My talk at the Simons Foundation this Wed 5pm

Anti-Abortion Democrats, Jimmy Carter Republicans, and the Missing Leap Day Babies: Living with Uncertainty but Still Learning

To learn about the human world, we should accept uncertainty and embrace variation. We illustrate this concept with various examples from our recent research (the above examples are with Yair Ghitza and Aki Vehtari) and discuss more generally how statistical methods can help or hinder the scientific process.

6 thoughts on “My talk at the Simons Foundation this Wed 5pm

  1. I like something of the form “calculate uncertainty & estimate variation” better than “accept uncertainty and embrace variation”

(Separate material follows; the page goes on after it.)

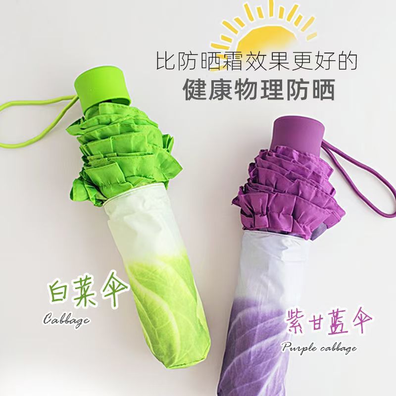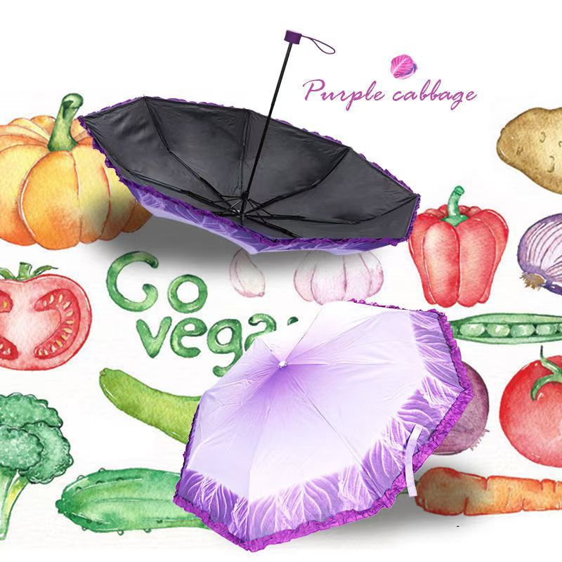 물에 닿는 상추 우산, 독특한 양배추 우산, 자외선 차단, 창의적인 보라색 양배추 접이식 우산, 비가 오나 눈이 오나 접이식 우산

    Not all uncertainty deserves embracing. Uncertainty due to crappy measurement or a bad model or a weak statistical procedure is different from uncertainty inherent to the physical phenomenon itself.

    To the extent uncertainty reveals our ignorance about the world we want to reduce it not embrace it. Fuzzy estimates are not always better than point estimates.

  2. When I saw this talk announcement, my first thought was, well: if it’s not further than across the street at Club Monaco, then I am not ruling out attending. And it turns out not to be further than across the st. at club Monaco. But Gelman might prefer that I contrapose the first conditional so that it’s in the form of a “falsification”.